## WHAT IS NEEDED
In the entries that follow, find the line containing "за 150-300 м.)" and the line containing "Depois do Cemitério", then copy exactly everything from the first through the second except the pictures.

## SUPPLIED RECORDS
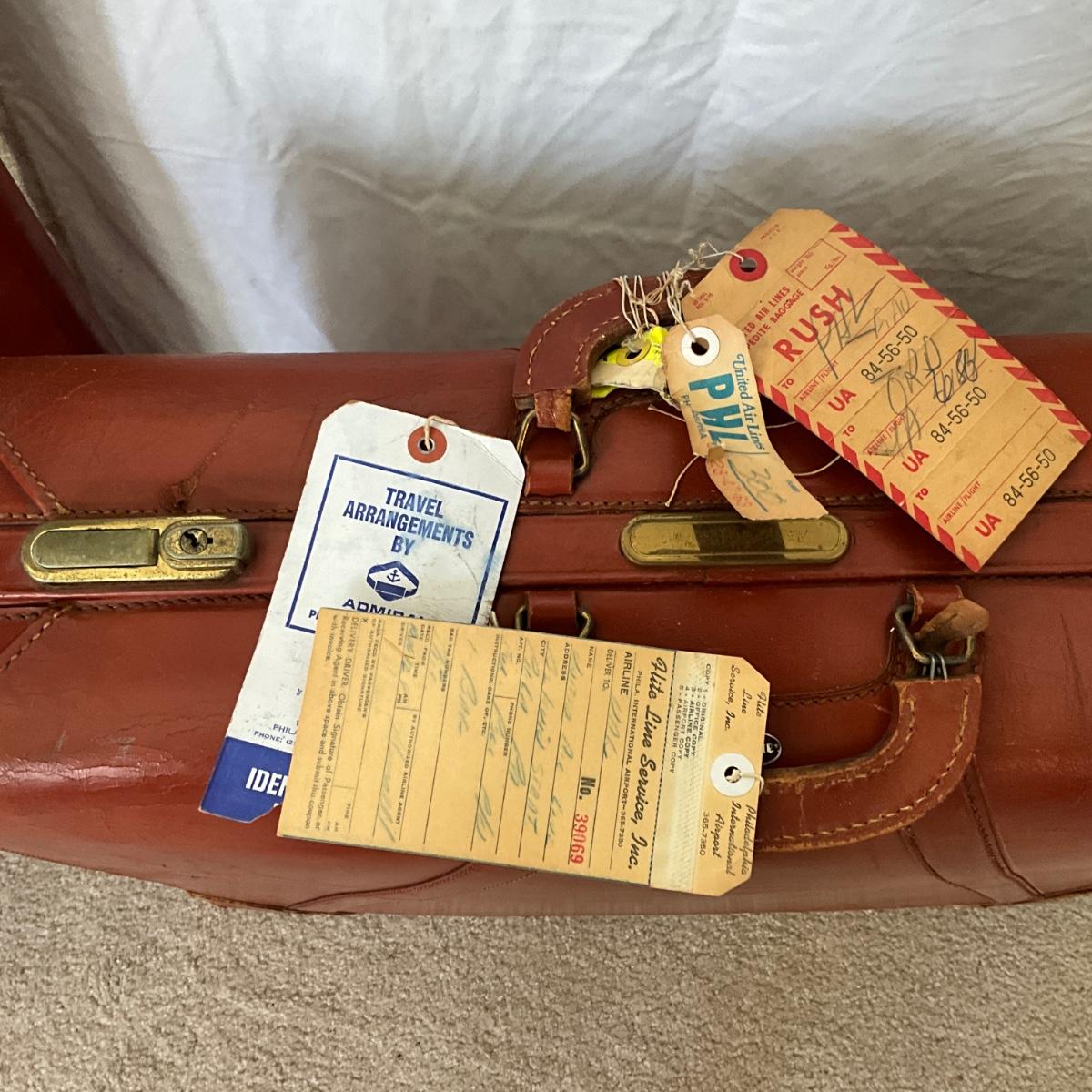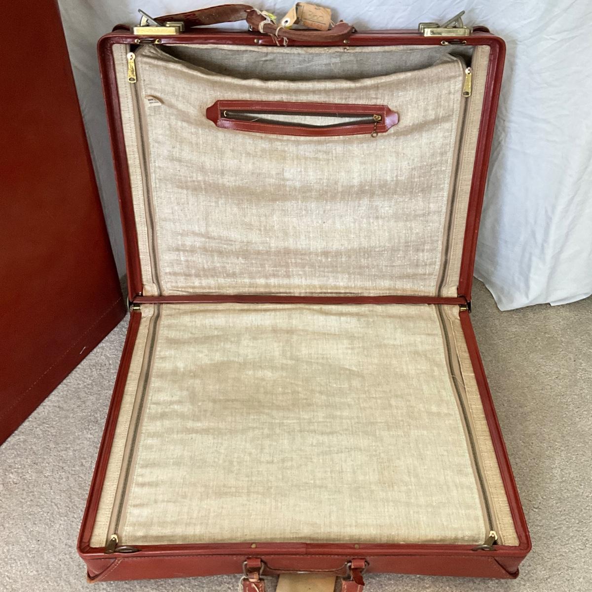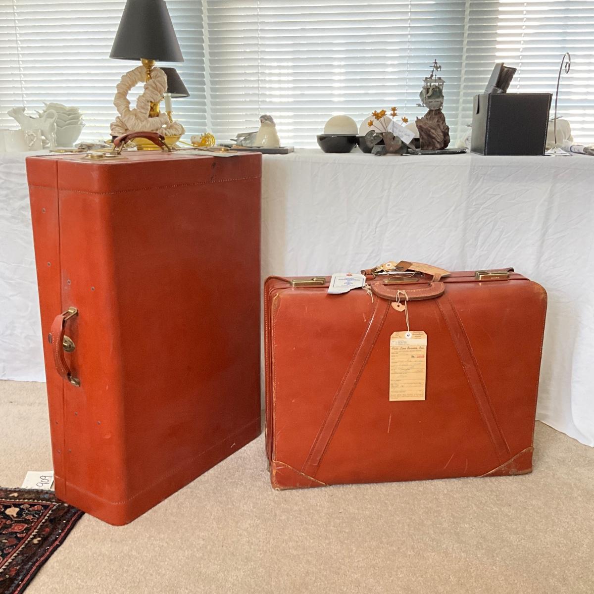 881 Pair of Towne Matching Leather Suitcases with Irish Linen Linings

--

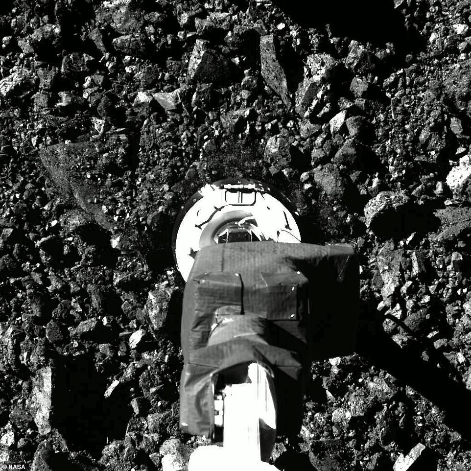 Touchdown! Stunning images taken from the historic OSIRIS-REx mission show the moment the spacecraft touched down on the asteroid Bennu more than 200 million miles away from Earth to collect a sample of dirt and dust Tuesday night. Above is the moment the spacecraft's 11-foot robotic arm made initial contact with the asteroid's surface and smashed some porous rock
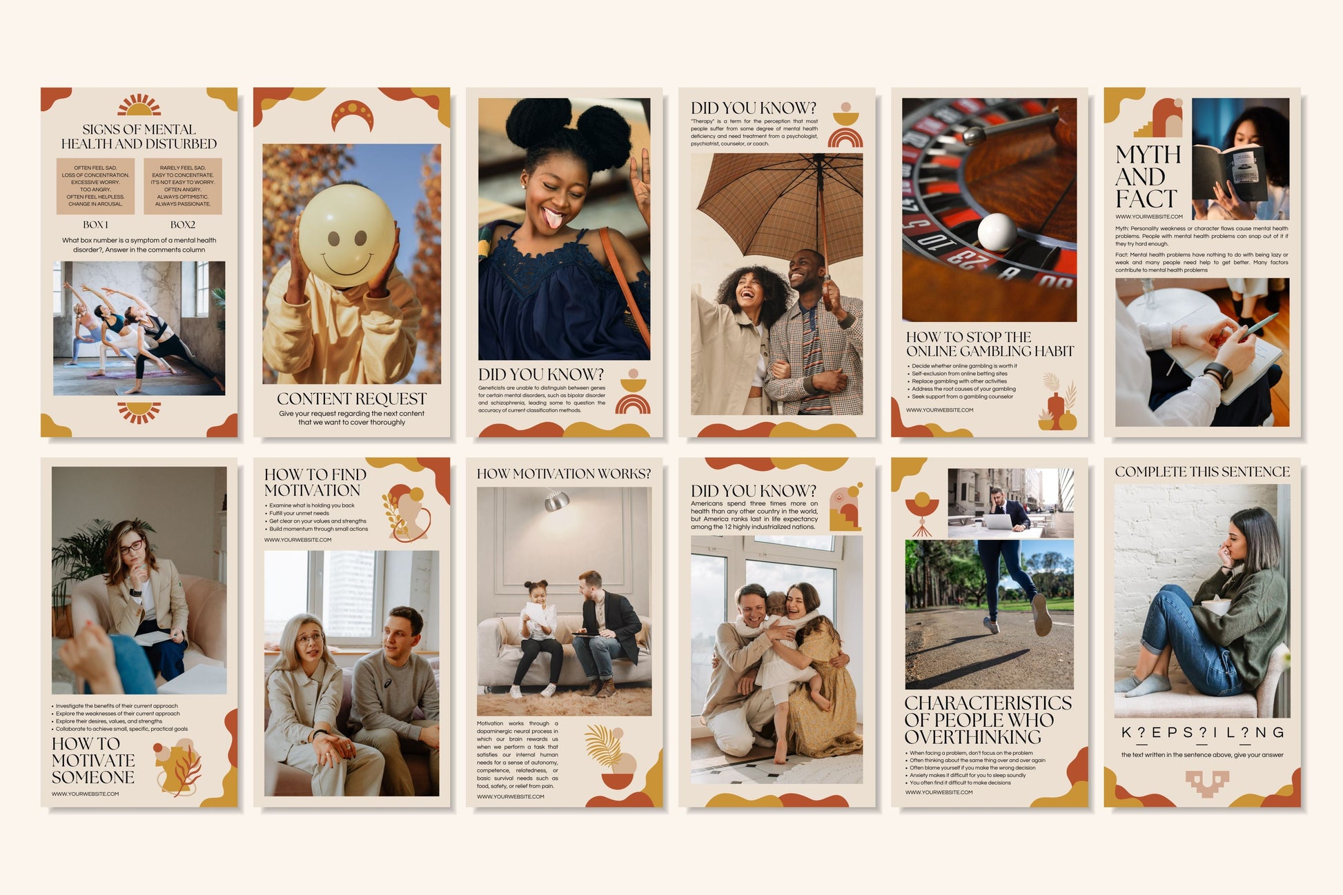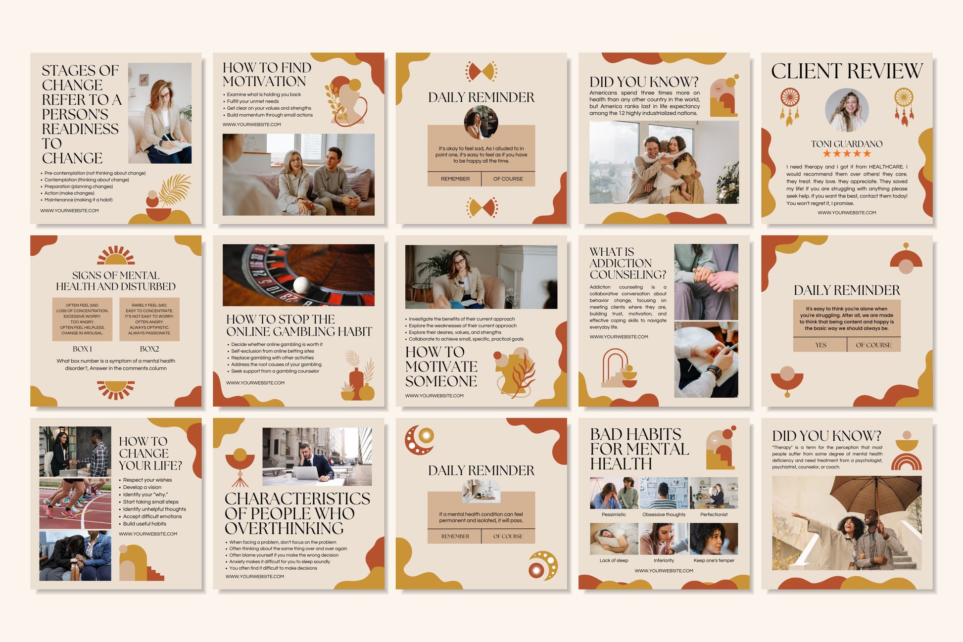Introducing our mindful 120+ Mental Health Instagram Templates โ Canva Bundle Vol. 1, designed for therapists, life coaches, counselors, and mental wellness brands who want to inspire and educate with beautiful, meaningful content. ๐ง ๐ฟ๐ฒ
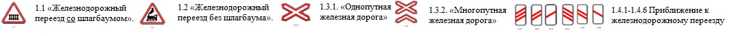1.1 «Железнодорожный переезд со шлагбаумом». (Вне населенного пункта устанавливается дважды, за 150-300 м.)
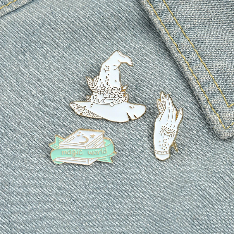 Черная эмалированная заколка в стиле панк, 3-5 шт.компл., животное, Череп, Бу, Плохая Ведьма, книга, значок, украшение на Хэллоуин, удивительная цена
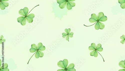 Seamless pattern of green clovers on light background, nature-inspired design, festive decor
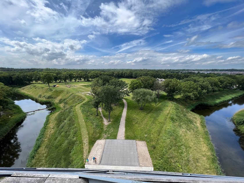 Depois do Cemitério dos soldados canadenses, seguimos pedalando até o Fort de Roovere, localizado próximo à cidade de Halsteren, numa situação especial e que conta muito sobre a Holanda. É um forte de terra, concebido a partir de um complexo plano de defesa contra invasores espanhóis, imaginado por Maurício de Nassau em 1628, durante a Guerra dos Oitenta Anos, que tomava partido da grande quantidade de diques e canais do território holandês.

## EXERCISE ANSWER
1.1 «Железнодорожный переезд со шлагбаумом». (Вне населенного пункта устанавливается дважды, за 150-300 м.)
 Черная эмалированная заколка в стиле панк, 3-5 шт.компл., животное, Череп, Бу, Плохая Ведьма, книга, значок, украшение на Хэллоуин, удивительная цена
 Seamless pattern of green clovers on light background, nature-inspired design, festive decor
 Depois do Cemitério dos soldados canadenses, seguimos pedalando até o Fort de Roovere, localizado próximo à cidade de Halsteren, numa situação especial e que conta muito sobre a Holanda. É um forte de terra, concebido a partir de um complexo plano de defesa contra invasores espanhóis, imaginado por Maurício de Nassau em 1628, durante a Guerra dos Oitenta Anos, que tomava partido da grande quantidade de diques e canais do território holandês.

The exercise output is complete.